Using 'where' instead of 'expr' when filtering for values in multiple columns in scala spark


I'm having some trouble refactoring a spark dataframe to not use expr but instead use dataframe filters and when conditionals.

My code is this:

 outDF = outDF.withColumn("MAIN_TYPE", expr
 ("case when 'TYPE_A' in (GROUP_A,GROUP_B,GROUP_C,GROUP_D) then 'TYPE_A'" +
  "when 'TYPE_B' in (GROUP_A,GROUP_B,GROUP_C,GROUP_D) then 'TYPE_B'" +
  "when 'TYPE_C' in (GROUP_A,GROUP_B,GROUP_C,GROUP_D) then 'TYPE_C'" +
  "when 'TYPE_D' in (GROUP_A,GROUP_B,GROUP_C,GROUP_D) then 'TYPE_D' else '0' end")
  .cast(StringType))

The only solution that I could think of, so far is a series of individual .when().otherwise() chains, but that would require mXn lines, where m the number of Types and n the number of Groups that I need.

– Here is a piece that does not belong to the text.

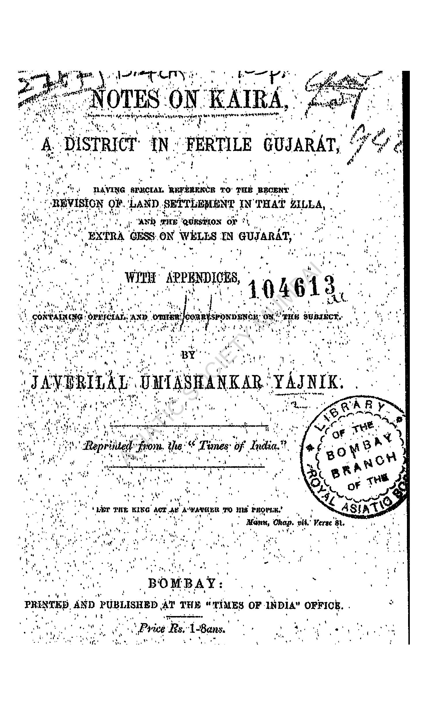Notes on Kaira: A District in Fertile Gujarat, having s ...

Is there any better way to do this kind of operation?

Thank you very much for your time!


Solution

  • So, this is how I worked this out, in case anyone is interested:

    I used a helper column for the groups which I later dropped.

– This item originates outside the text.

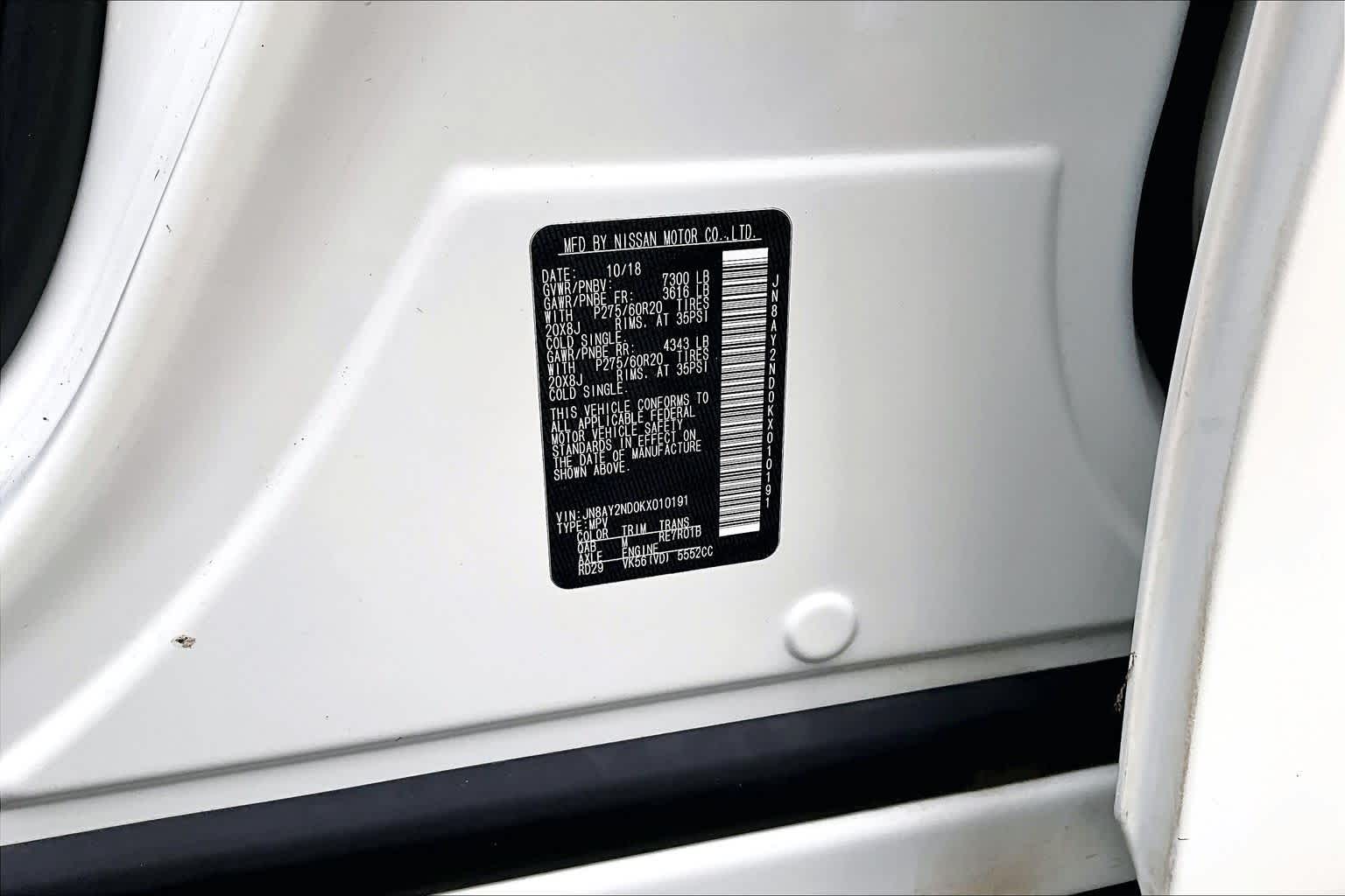 JN8AY2ND0KX010191Stock #

    This is how this worked:

        outDF = outDF.withColumn("Helper_Column", concat(col("Group_A"),col("Group_B"),
          col("Group_C"),col("Group_D")))
        outDF = outDF.withColumn("MAIN_TYPE", when(col("Helper_Column").like("%Type_A%"),"Type_A").otherwise(
          when(col("Helper_Column").like("%Type_B%"),"Type_B").otherwise(
            when(col("Helper_Column").like("%Type_C%"),"Type_C").otherwise(
            when(col("Helper_Column").like("%Type_D%"),"Type_D").otherwise(lit("0")
        )))))
        outDF = outDF.drop("Helper_Column")
    

    Hope this helps someone.